Problem solving with PlanetScale Insights
Simeon Griggs [@simeonGriggs] |
There are so many ways your database can disappoint you. It'll make your application perform in ways you don't expect and upset your users.
In a sufficiently complex application, finding and eliminating performance problems can be difficult. Fortunately, PlanetScale gives you the tools to isolate the problem. PlanetScale Insights, available in the dashboard and through the MCP server, provides accurate, up-to-date information on how the queries in your codebase perform in production.
But with so many different metrics available, how do you differentiate good numbers from bad, signal from noise, or know what the most likely fix is once you've pinned down the problem?
For this post, I'll walk through exploring Query Insights for a demo e-commerce app connected to a PlanetScale Postgres PS-10 database with a few million rows of data. I set up a flow of constant, regular traffic along with a few "unexpected" spikes.
PlanetScale Insights also works for PlanetScale Vitess/MySQL databases and has many of the same features.
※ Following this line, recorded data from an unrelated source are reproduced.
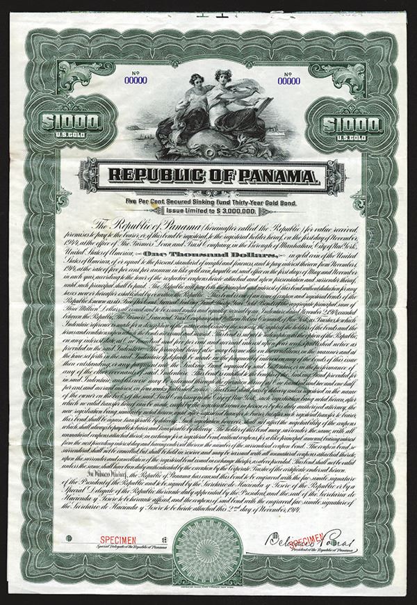 Panama, $1000, 5% Secured Sinking Fund 30 Year Gold Specimen Bond, Vertical format, Two allegorical women sitting on globe top center, POC's, VF condition, ABNC.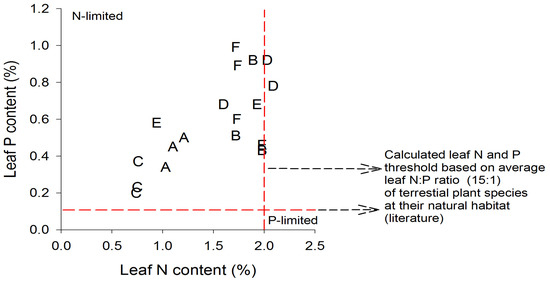Comparison of the leaf N and leaf P contents of the dominant tree species with the threshold of leaf N and leaf P content calculated based on the suggested leaf N:P ratios by Koerselman and Meuleman (1996) and Aerts and Chapin (1999). Bold letters represent the tree species: (A) Alstonia macrophylla, (B) Buchanania arborescens, (C) Syzygium sp., (D) Casuarina equisetifolia, (E) Acacia mangium, and (F) Terminalia catappa.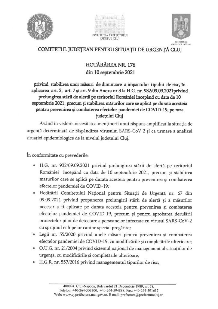 HCJSU 177/10.09.2021 – pentru aprobarea scenariilor de funcționare pentru unitățile de învățământ/conexe pentru începutul anului școlar 2021-2022 – Comitetul Județean pentru Situații de Urgență Cluj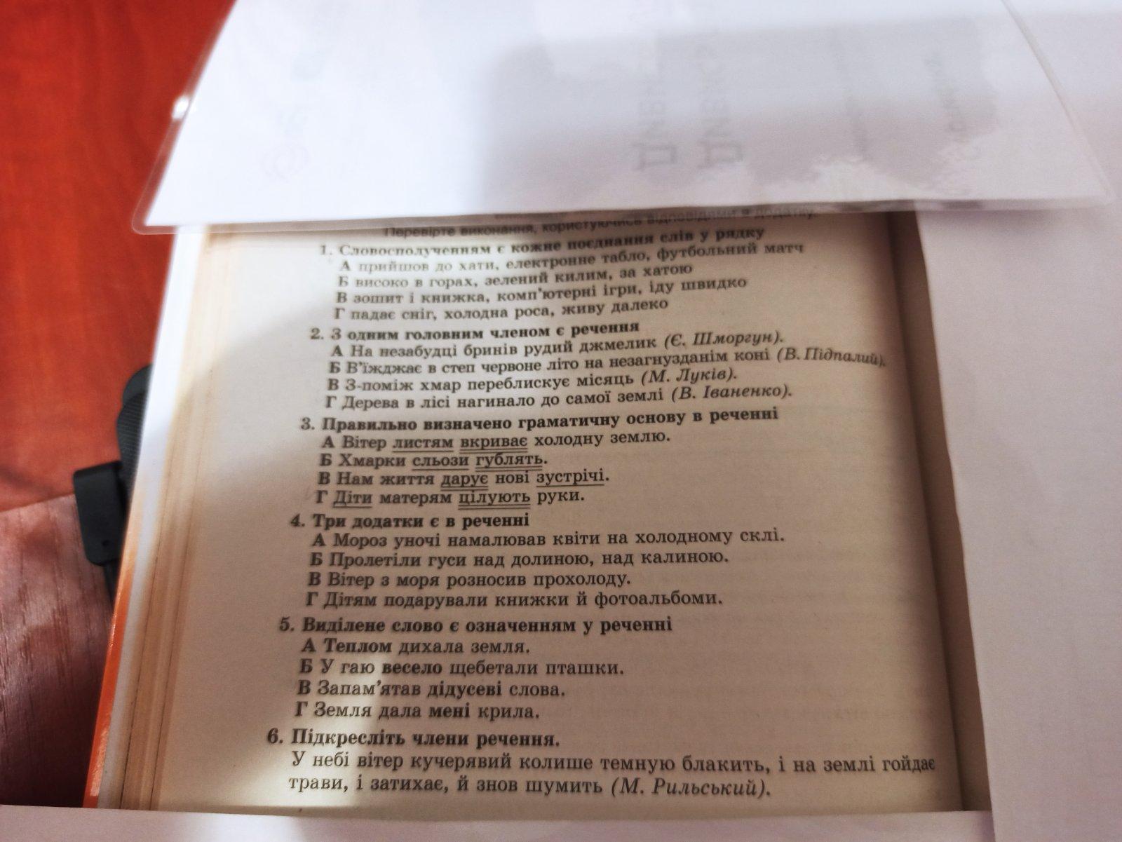 6. У небі (обставина),вітер (підмет) кучерявій (означення)колише (присудок) темную (означення) блакить (підмет),і на землі (додаток)гойдає (присудок) трави (підмет),і затихає (присудок),й знов (обставина) шумить(присудок).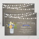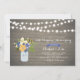 Celebre seu dia especial com este convite de aniversário de casamento elegante. Este design apresenta um lindo buquê de flores com um jarro de Mason e luzes de corda em um fundo de madeira rústica.

This post focuses only on PlanetScale Postgres.
Latency timeline graph

The default view of the PlanetScale Insights dashboard shows query performance, counts, and row reads and writes for the past 24 hours. You can navigate through up to seven days' worth of traffic data.
Query latency is the best starting point for isolating query performance issues. You can toggle trend lines in the graph on and off; the query list below aligns with the same timeline.
On this page, latency percentiles are computed from all query pattern executions performed within the observable time window. How fast most runs are versus the slow tail. That is how you differentiate the median run (p50) versus the worst few percent (p99 and above).
- p50: Half of this query's executions complete faster than this value, half slower. This is the median latency for that pattern.
- p95: 95% of executions complete faster than this; only 1 in 20 are slower. This filter identifies patterns that occasionally misbehave, but tuning them often will not move overall database latency (for example, workload p50) very much.
- p99: 99% of executions complete faster than this; only 1 in 100 are slower. This is where gains can be made for that pattern's worst runs.
- p99.9: Only 1 in 1,000 executions are slower. These are usually extreme outliers for that pattern: lock contention, cold caches, missing indexes, table scans, and similar.
- Max: The single slowest execution of this pattern in the time window. Useful for spotting worst-case scenarios, but a single anomaly can skew this number and may be related to an almost random event that never reoccurs. Always compare it against the percentiles above.
For a deeper dive on understanding latency percentiles, watch Ben's video.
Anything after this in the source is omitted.